Senate Environment Committee Releases Climate Change Master Plan Bill 

The New Jersey Statehouse and Capitol Building In Trenton

Senate Environment Committee Releases Climate Change Master Plan Bill

Today the Senate Energy and Environment released S2607 (Smith) with amendments. The bill requires land use plan element of municipal master plan to include climate change-related hazard vulnerability assessment.

“We support this legislation. The bill is a good step to get towns to plan for climate impacts or reducing their risk. By including climate change and hazard vulnerability into the master plan, it will encourage towns to do better planning and municipal zoning. Towns will be able to develop ordinances with resiliency and dealing with hazardous planning. They can change the zoning and prevent development in flood prone areas or areas with high sea level rise,” said Jeff Tittel, Director of the New Jersey Sierra Club.

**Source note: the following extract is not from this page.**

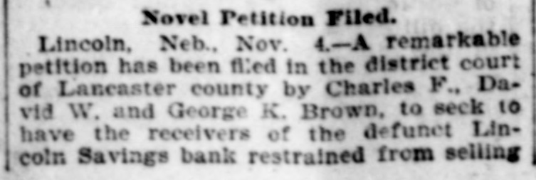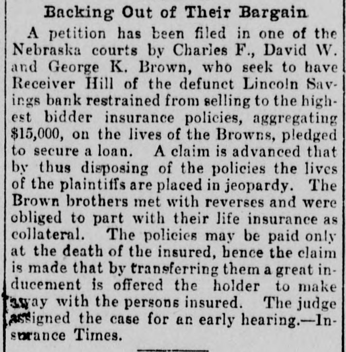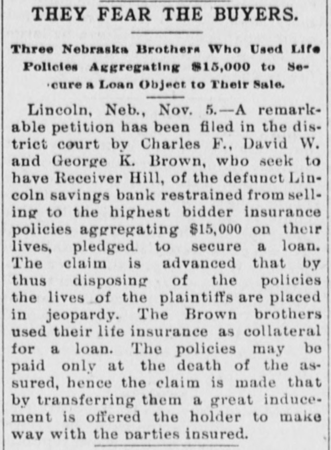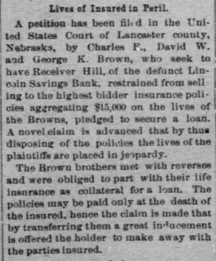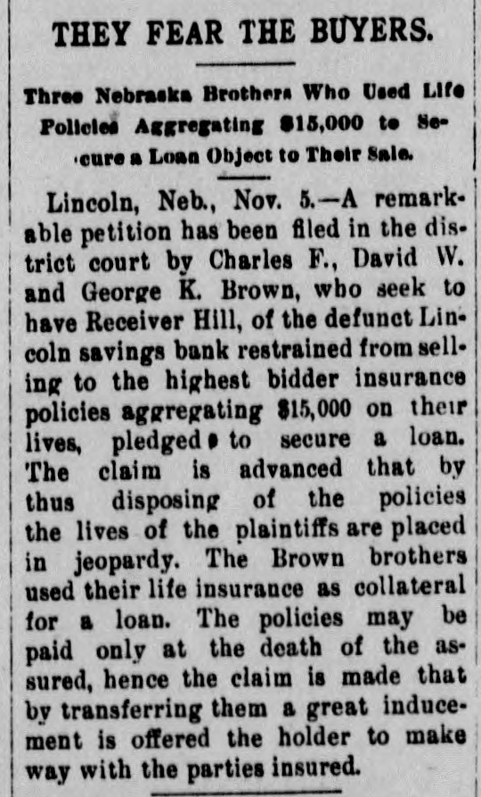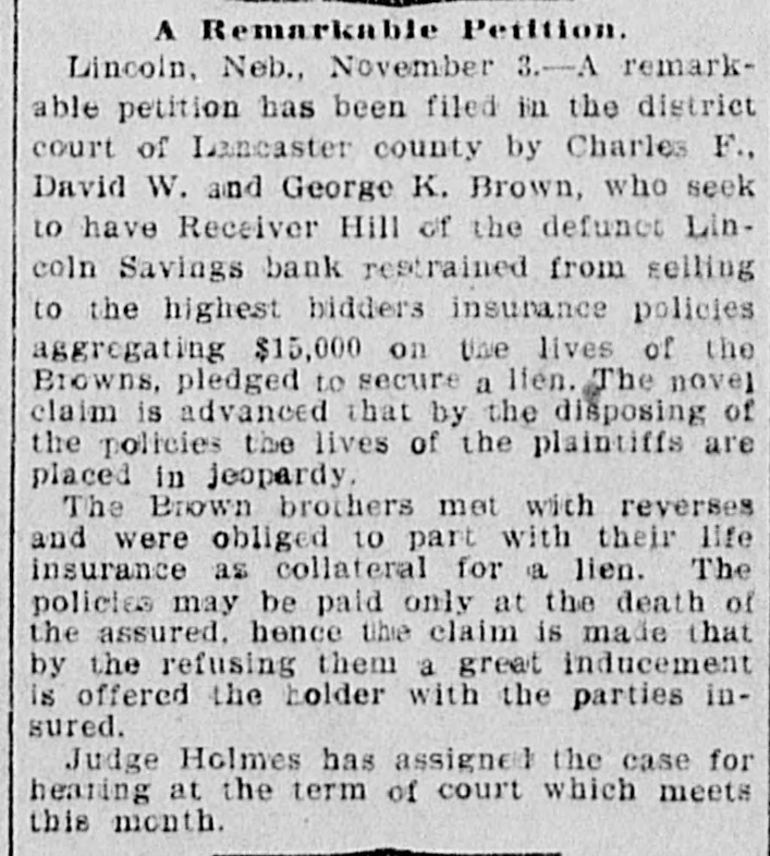 A Remarkable Petition. Lincoln, Neb., November 3.-A remarkable petition has been filed in the district court of Lancaster county by Charles F., David W. and George K. Brown, who seek to have Receiver Hill of the defunet Lincoln Savings bank restrained from selling to the highest bidders insurance policies aggregating $15,000 on the lives of the Browns, pledged to secure a lien. The novel claim is advanced that by the disposing of the policies the lives of the plaintiffs are placed in jeopardy. The Brown brothers met with reverses and were obliged to part with their life insurance as collateral for a lien. The policies may be paid only at the death of the assured. hence the claim is made that by the refusing them a great inducement is offered the holder with the parties insured. Judge Holmes has assigned the case for hearing at the term of court which meets this month.

New Jersey is already experiencing the devastating impacts of climate change driven by emissions from fossil fuels. The state reported $36.8 billion in repair, mitigation, and prevention costs from Hurricane Sandy alone, which was made worse by rising seas caused by warmer temperatures and melting land ice. A report by the Union of Concerned Citizens found that in New Jersey alone, over 62,000 homes worth over $26 billion are at risk by 2045. By the end of this century, this number grows to 251,000 homes worth $107 Billion at risk of tidal flooding. New Jersey also leads the nation in the number of commercial properties at risk of chronic inundation in 2045.

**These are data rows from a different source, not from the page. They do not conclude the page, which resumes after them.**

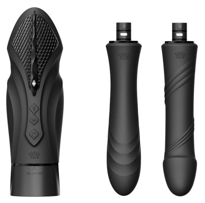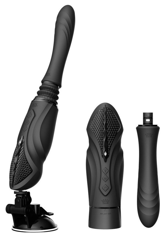 Черная секс-машина с функцией нагрева, насадками и присоской Sesh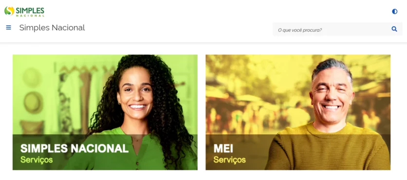 Na página inicial do site do Simples Nacional, clique na opção “Simples Nacional Serviços”.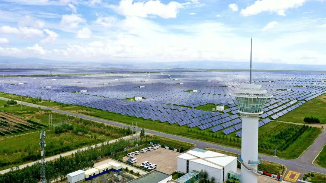 广袤戈壁之上,蔚蓝光伏板如海洋般铺陈至天际。

“The Murphy Administration need to move forward when it comes to climate change and flooding. We need to reopen the Office of Climate Change and other coastal programs. We must update our adaptation for sea level mitigation programs, our shore protection plan, fix CAFRA loopholes and have a Coastal Commission. The DEP must also update new FEMA flood maps for sea level rise, update building codes, and start to implement adaptation and hazard planning as part of their resiliency model. We also need better mapping on sea-level rise to make sure we’re building and rebuilding in the right places,” said Jeff Tittel, Director of the New Jersey Sierra Club. “DEP also need to reverse many rule rollbacks under Governor Christie. This includes the Flood Hazard Rules that were rewritten, removing important protections for headwaters, increasing permit by rules, and letting a permit by certification process increase development in flood-prone areas,” said Jeff Tittel, Director of the New Jersey Sierra Club.